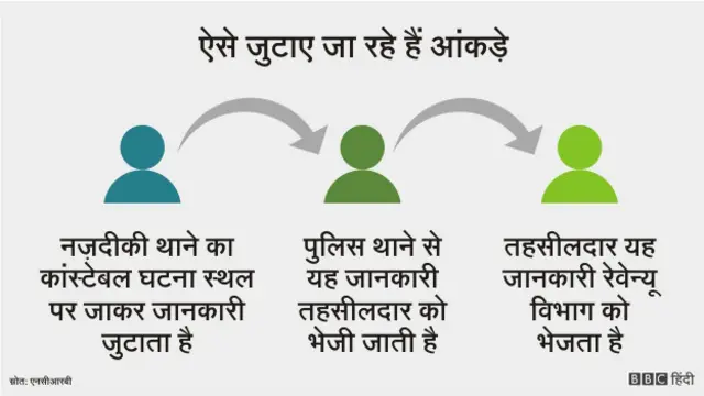 एनसीआरबी के मुताबिक आंकड़े पुलिस स्टेशनों के आधिकारिक आंकड़ों पर आधारित होते हैं. अप्राकृतिक मौतों के मामले ज़िला स्तरीय क्राइम रिकॉर्ड्स ब्यूरो में दर्ज किए जाते हैं. जिसे पहले राज्य क्राइम रिकॉर्ड्स ब्यूरो तक भेजा जाता है और उसके बाद उसे नेशनल क्राइम रिकॉर्ड्स ब्यूरो भेजा जाता है.
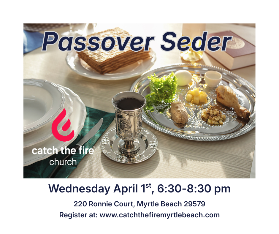 Come encounter the beauty of redemption in the elements of the Passover Seder. Join us at Catch the Fire Myrtle Beach for a powerful Messianic Passover experience where Yeshua (Jesus) is revealed in the symbols, the story, and the table. You are invited to taste and see, and to remember the faithfulness of Yahweh as His Spirit brings fresh revelation to your heart.
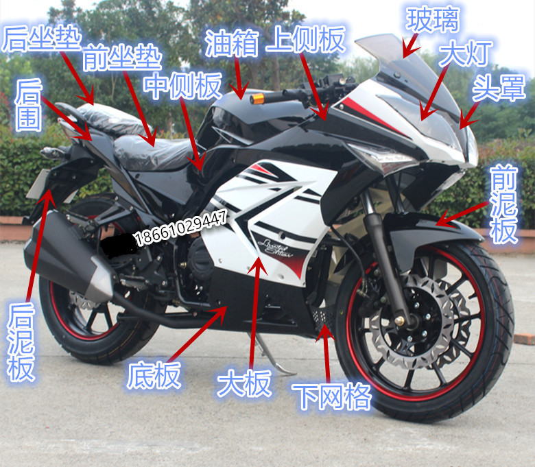 Glass hood Small cover Hood Upper side plate Large plate Base plate Middle side plate footrest Rear circumference instrument cover Hood grid Lower grid Rear mud plate Rear inner mud plate connecting cover Living room light Front facing light Taillight rear turn signal mirror Front mud plate
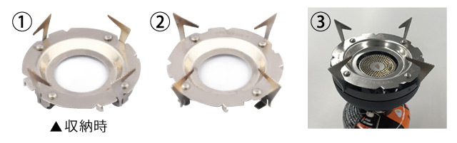 使用の際は収納された状態(1)からゴトクの足を広げ(2)、バーナー本体に装着してください(3)。
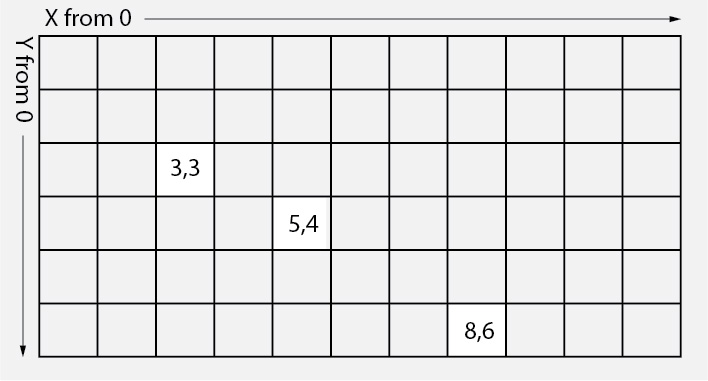 Below are two simple sketches that draw circle in a new position on each frame of the sketch using variables as counters or linearly increasing values. The coordinate system in processing is based on pixels and starts from the top right corner.
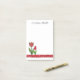 Estas notas têm tulipas vermelhas delicadas e uma beira de joaninhas bonitos com texto acima para você personalizar com seu nome.
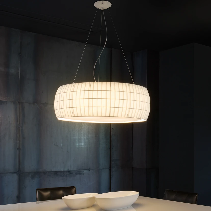 Ponadczasowa oprawa wisząca Isamu z perłowo-białym kloszem wykonanym z jedwabiu poliestrowego Dzięki lekko przezroczystej, przypominającej jedwab tkaninie poliestrowej rozciągniętej wokół wewnętrznej struktury i rozpraszającemu światło dyfuzorowi z poliwęglanu zakrywającemu pionowy otwór klosza, oprawa wisząca Isamu jest przyjemnym źródłem światła w salonach i pokojach dziennych. Posiada również zawieszenie z trzema smukłymi kablami i biały, okrągły daszek. Za koncepcję serii opraw Isamu odpowiadają Daniel Vila i Ester Pujol, założyciele hiszpańskiego studia projektowego Nahtrang.
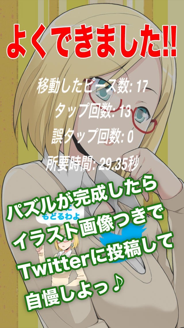 いろんなスタイルのクラウディア窓辺がいて、しかもどれも可愛い!アニメが好きな人や可愛い二次元キャラが好きな人は、注目せざるを得ないパズルアプリです。もし、プレイ中に席を外さなければならない時は、「中断ボタン」でゲームをストップできるのも魅力です。ですから、「スキマ時間で使えるゲームアプリは、簡単にクリアできるものばかりだからつまらない」と思っている人でも、じっくりとパズルゲームができるのです。なお、本アプリで完成させた画像は、Twitterに投稿することができます。したがって、ゲームをクリアした喜びを「誰かと共有したい!」時に使っても面白いでしょう。
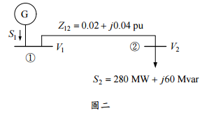 【已刪除】三、有一電力系統如圖二所示,母線①是匱乏母線(Slack bus),且V1= 1.0∠ ° 0 pu ;母 線②是負載母線(Load bus),且 S

Your goal: Please retype every entry above exactly, leaving out any picture.

Expected output:
 एनसीआरबी के मुताबिक आंकड़े पुलिस स्टेशनों के आधिकारिक आंकड़ों पर आधारित होते हैं. अप्राकृतिक मौतों के मामले ज़िला स्तरीय क्राइम रिकॉर्ड्स ब्यूरो में दर्ज किए जाते हैं. जिसे पहले राज्य क्राइम रिकॉर्ड्स ब्यूरो तक भेजा जाता है और उसके बाद उसे नेशनल क्राइम रिकॉर्ड्स ब्यूरो भेजा जाता है.
 Come encounter the beauty of redemption in the elements of the Passover Seder. Join us at Catch the Fire Myrtle Beach for a powerful Messianic Passover experience where Yeshua (Jesus) is revealed in the symbols, the story, and the table. You are invited to taste and see, and to remember the faithfulness of Yahweh as His Spirit brings fresh revelation to your heart.
 Glass hood Small cover Hood Upper side plate Large plate Base plate Middle side plate footrest Rear circumference instrument cover Hood grid Lower grid Rear mud plate Rear inner mud plate connecting cover Living room light Front facing light Taillight rear turn signal mirror Front mud plate
 使用の際は収納された状態(1)からゴトクの足を広げ(2)、バーナー本体に装着してください(3)。
 Below are two simple sketches that draw circle in a new position on each frame of the sketch using variables as counters or linearly increasing values. The coordinate system in processing is based on pixels and starts from the top right corner.
 Estas notas têm tulipas vermelhas delicadas e uma beira de joaninhas bonitos com texto acima para você personalizar com seu nome.
 Ponadczasowa oprawa wisząca Isamu z perłowo-białym kloszem wykonanym z jedwabiu poliestrowego Dzięki lekko przezroczystej, przypominającej jedwab tkaninie poliestrowej rozciągniętej wokół wewnętrznej struktury i rozpraszającemu światło dyfuzorowi z poliwęglanu zakrywającemu pionowy otwór klosza, oprawa wisząca Isamu jest przyjemnym źródłem światła w salonach i pokojach dziennych. Posiada również zawieszenie z trzema smukłymi kablami i biały, okrągły daszek. Za koncepcję serii opraw Isamu odpowiadają Daniel Vila i Ester Pujol, założyciele hiszpańskiego studia projektowego Nahtrang.
 いろんなスタイルのクラウディア窓辺がいて、しかもどれも可愛い!アニメが好きな人や可愛い二次元キャラが好きな人は、注目せざるを得ないパズルアプリです。もし、プレイ中に席を外さなければならない時は、「中断ボタン」でゲームをストップできるのも魅力です。ですから、「スキマ時間で使えるゲームアプリは、簡単にクリアできるものばかりだからつまらない」と思っている人でも、じっくりとパズルゲームができるのです。なお、本アプリで完成させた画像は、Twitterに投稿することができます。したがって、ゲームをクリアした喜びを「誰かと共有したい!」時に使っても面白いでしょう。
 【已刪除】三、有一電力系統如圖二所示,母線①是匱乏母線(Slack bus),且V1= 1.0∠ ° 0 pu ;母 線②是負載母線(Load bus),且 S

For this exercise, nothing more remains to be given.